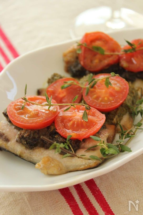 オリーブ、アンチョビ、ケイパーなどでコクのあるペーストを作り、トマトと一緒にさんまにのせてオーブンへ。オリーブペーストと焼きトマト、フレッシュなタイムの風味で、いつものさんまがごちそうに!
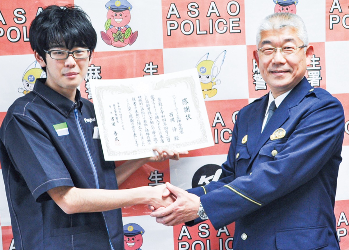 吉田署長は「アルバイトを始めて間もない中で、勇気をもって声がけし、詐欺を未然に防いだことは、被害者にとっても、我々にとってもありがたい」と労いの言葉をかけた。西岡さんは「自分が販売したもので被害にあわず安心した。今後も疑問に思ったら何事もそのままにせず、解決する方向へ考えていきたい」と話した。
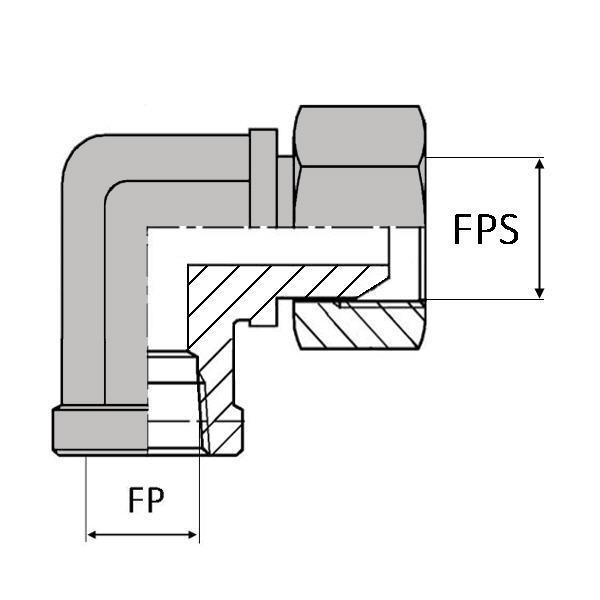 Coude 90° femelle NPT x femelle tournant NPSM (cylindrique) - Cône 60° - NPT-CFFNPSM90202 - Designation CFNPT1/8 / FNPSM1/8
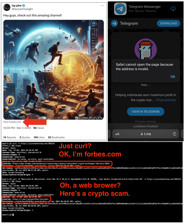 Ситуация вызвала обеспокоенность после того, как было обнаружено, что рекламное объявление, обещающее перевести на сайт forbes[.]com, на самом деле перенаправляет пользователей на аккаунт в Telegram, связанный с сомнительными криптовалютными схемами.
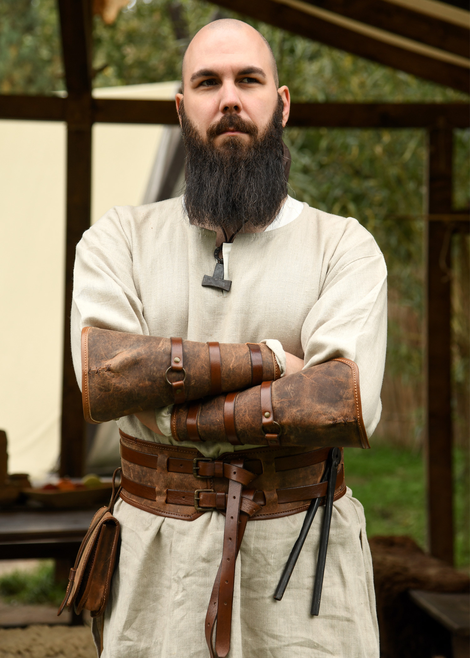 Medieval fighter bracelet in black leather
********************
When you repeat the records, reproduce each line exactly and drop the images.

Result of the exercise -
 オリーブ、アンチョビ、ケイパーなどでコクのあるペーストを作り、トマトと一緒にさんまにのせてオーブンへ。オリーブペーストと焼きトマト、フレッシュなタイムの風味で、いつものさんまがごちそうに!
 吉田署長は「アルバイトを始めて間もない中で、勇気をもって声がけし、詐欺を未然に防いだことは、被害者にとっても、我々にとってもありがたい」と労いの言葉をかけた。西岡さんは「自分が販売したもので被害にあわず安心した。今後も疑問に思ったら何事もそのままにせず、解決する方向へ考えていきたい」と話した。
 Coude 90° femelle NPT x femelle tournant NPSM (cylindrique) - Cône 60° - NPT-CFFNPSM90202 - Designation CFNPT1/8 / FNPSM1/8
 Ситуация вызвала обеспокоенность после того, как было обнаружено, что рекламное объявление, обещающее перевести на сайт forbes[.]com, на самом деле перенаправляет пользователей на аккаунт в Telegram, связанный с сомнительными криптовалютными схемами.
 Medieval fighter bracelet in black leather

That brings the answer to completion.